Database in Bioinformatics


Before going for this question we have several questions in our mind……

1.      Biological Databases: Why?

2.      The different types of Databases.

3.      Accession codes Vs identifiers

4.      Nucleotide Databases.

5.      Protein sequence Databases.

6.      Sequence motif Databases.

7.      Macromolecular 3D structure Databases.

8.      other relevant Databases.

9.      System of searching, indexing and cross-referencing.


Biological Databases: Why?

There are two main functions of Biological Databases:

Making Biological Data available to Scientists: As much of  information should be available in one single place (book, sit, database). Public data ay be difficult to find or access, and collecting it from literature is very time consuming. And not all data is actually published explicitly in an article.

To make Biological Data available in Computer-readable form: Since analysis of Biological Data almost always involves Computers, having the Data in Computer-readable form ( rather than print or paper) is a necessary first step.

One of the first Biological sequence Database was probably the book “Atlas of Protein Sequence and Structure” by Margaret Dayhoff and colleagues, first published in 1965. It contained the Protein sequences determined at the time, and new editions of the book were published well into the 1970s.

  The Computer became h storage medium of choice as soon they came with in the reach of normal scientists.

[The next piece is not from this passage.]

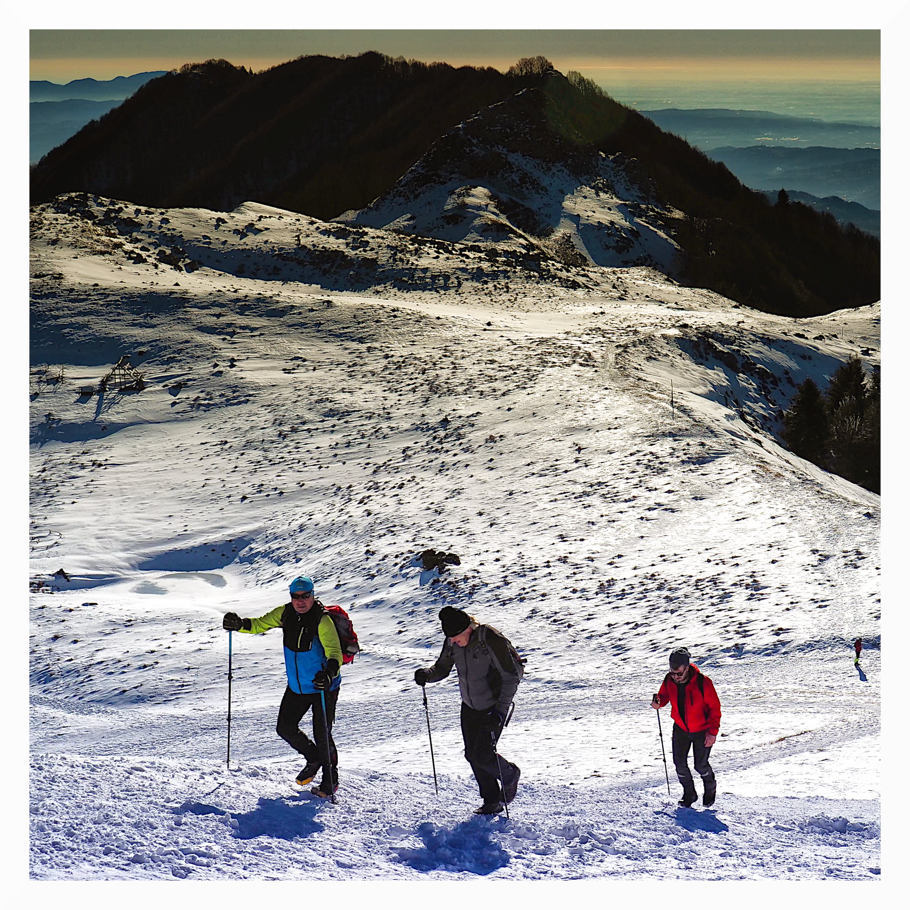 I tre escursionisti sono i protagonisti di questo scatto, nonostante la relativa piccolezza rispetto all'ambiente, e diventano il fulcro dell'immagine.
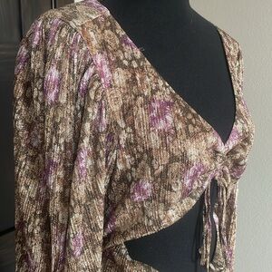 Features: Shiny lurex fabrication in a floral print design, deep V-neckline, tie-front detail, cutouts at the front and back, long billowy sleeves with cuffs, adjustable tie detail at back, lined

Databases were distributed on tapes, and later on various kinds of discs. When universities and research institutions were connected to Internet or its precursors (National Computer Network), it is easy to understand why it became the medium of choice. And it is easier to see why WWW ( World Wide Web) based on http (Hyper text markup language) since beginning of the 1990s is the standard method of Communication and access for nearly all biological Databases.

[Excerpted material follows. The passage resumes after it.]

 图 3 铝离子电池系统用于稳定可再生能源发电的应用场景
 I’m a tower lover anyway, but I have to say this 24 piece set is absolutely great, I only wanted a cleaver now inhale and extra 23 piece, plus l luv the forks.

As biology has increasingly turned into a data-rich science, the need for storing and communicating large database has grown tremendously. The obvious examples are the nucleotide sequences, the  protein sequences, and the 3D structural Data produced by X-Ray crystallography and macromolecular NMR. An new field of Science dealing with issue, challenges and new possibilities created by these database has emerged: Bioinformatics. Other type of data that or will soon be available in databases are metabolic pathways ( KEGG), gene expression data (microarrays),  protein-protein interactions and other types of data related to Biological function and processes.

Biological databases have become an important tool in assisting scientists to understand and explain a host of biological phenomena from the structure of biomolecules and their interaction, to the whole metabolism of organisms and to understanding the evolution of species. This knowledge helps facilitate the fight against diseases, assists in the development of medications and in discovering basic relationships amongst species in the history of life.

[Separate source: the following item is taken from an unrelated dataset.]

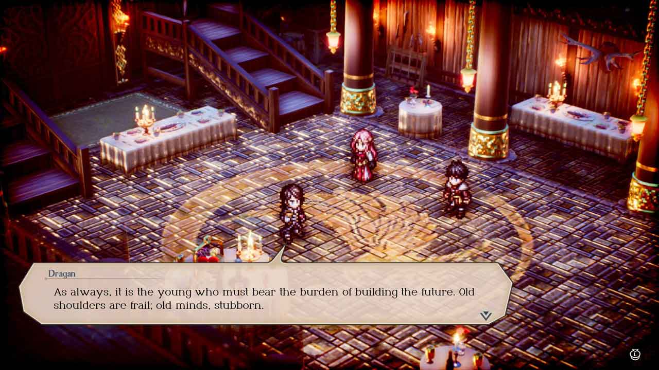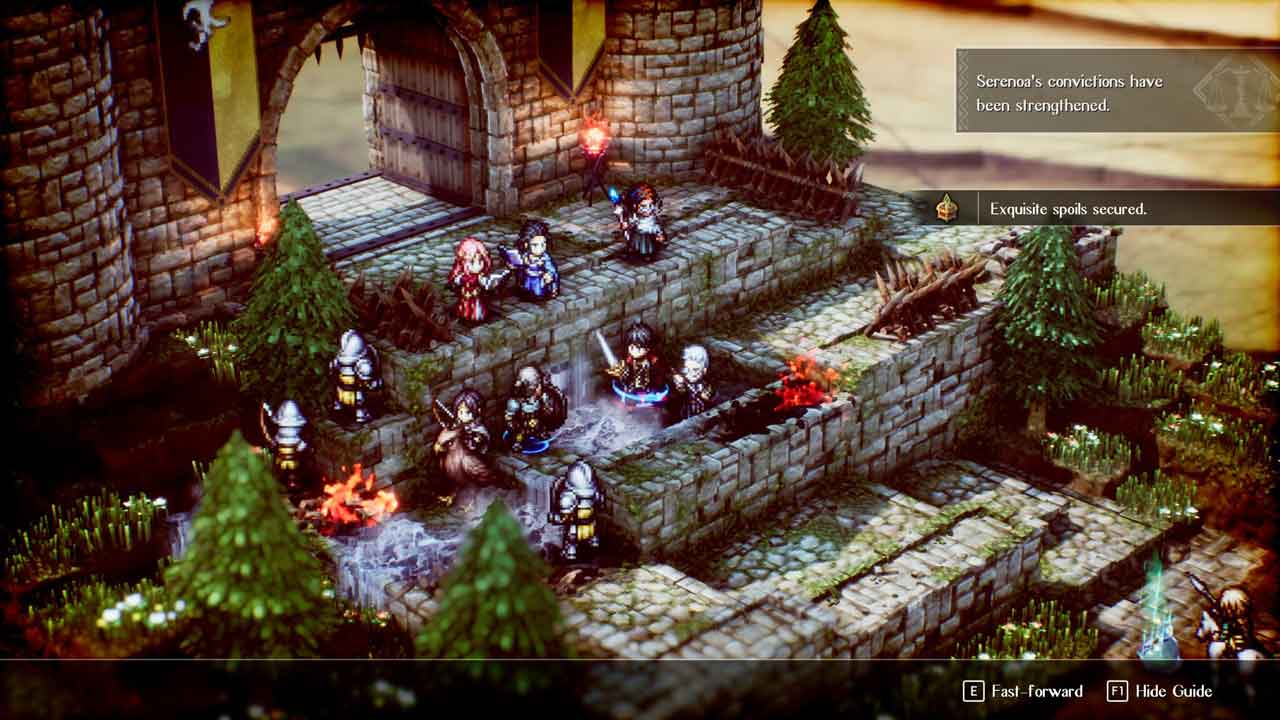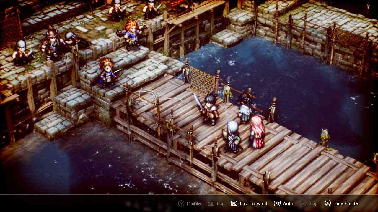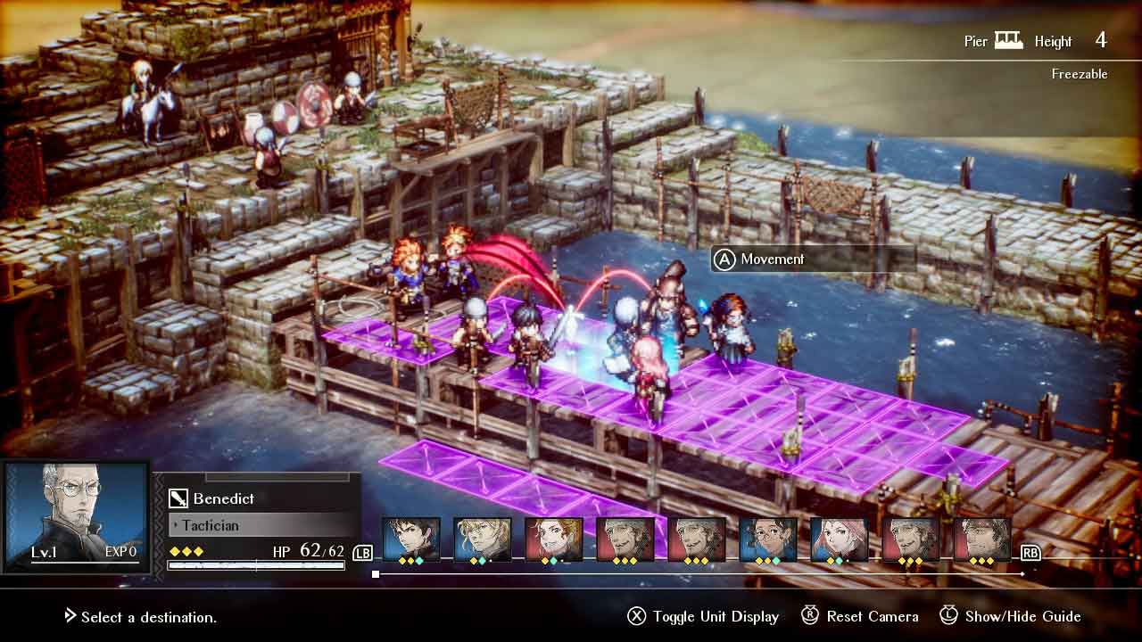ผมรู้สึกพึงพอใจมาก คลาสต่างๆ ถูกจำกัดไว้เฉพาะตัวละคร ดังนั้นจึงไม่มีการปรับแต่งใดๆ นอกจากการอัปเกรดที่คุณเลือกสำหรับแต่ละตัวละคร อย่างไรก็ตาม มีตัวละครให้ลองเล่นอยู่ไม่น้อย อันที่จริง การต่อสู้ของ Triangle Strategy นั้นมีจุดมุ่งหมายที่ชัดเจน ดังนั้นการวางตำแหน่ง ระดับความสูงของภูมิประเทศ และการทำงานร่วมกันของยูนิตจึงมีความสำคัญอย่างมาก ตัวละครแต่ละตัวจะมีความสามารถและบทบาทที่แน่นอน เช่น นักธนูที่เก่งกาจในระดับความสูง นักเวทที่ควบคุมโลกด้วยเวทมนตร์ธาตุ และนักรบระยะประชิดที่ควบคุมพื้นที่ ความสมดุลระหว่างการรุก การป้องกัน และการสนับสนุนสร้างจังหวะทางยุทธวิธีที่สม่ำเสมอ ความผิดพลาดอาจสร้างความเสียหายแต่ก็ยุติธรรม และเอื้อต่อการวางแผนมากกว่าการด้นสด

The biological knowledge is distributed amongst many different general and specialized databases. This sometimes makes it difficult to ensure the consistency of information. Biological databases cross-reference other databases with accession numbers as one way of linking their related knowledge together.

An important resource for finding biological databases is a special yearly issue of the journal Nucleic Acids Research (NAR). The Database Issue of NAR is freely available, and categorizes many of the publicly vailable online databases related to biology and bioinformatics.

Most important public databases
for molecular biology


Primary Sequence DBs
(collaborative project)</FONT< H3>

·         DDBJ (DNA DataBase of Japan)

·         EMBL Nucleotide DB (European Molecular Biology Laboratory )

·         GenBank (National Center for Biotechnology Information)


·         Entrez Gene Unified retrival of gene-centred information (NCBI)

·         euGenes Assembled information on eukaryotic genomes (Univ. of Indiana)

·         GeneCards (Weizmann Inst.)

·         GenLoc / UDB (Weizmann Inst.)

·         SOURCE (Univ. of Stanford)

·         LocusLink (National Center for Biotechnology Information)

Genome Annotation Systems

·         Ensembl Genome BrowserAutomatically Annotated Genomes (EMBL-EBI and Wellcome Trust Sanger Inst.)

·         UniGene Automatic partitioning of GenBank sequences (NCBI)

·         Golden Path / UCSC (Univ. of California, Santa Cruz)

Specialized DBs

·         CGAP Cancer Genes (National Cancer Institute)

·         Clone Registry Clone Collections (National Center for Biotechnology Information)

·         I.M.A.G.E Clone Collections (Image Consortium)

·         DBGET H.sapiens, retrieval system (Univ. of Kyoto)

·         DIP Interacting Proteins (Univ. of California)

·         GDB (Human Genome Organization)

·         KEGG Functional Db (Univ. of Kyoto)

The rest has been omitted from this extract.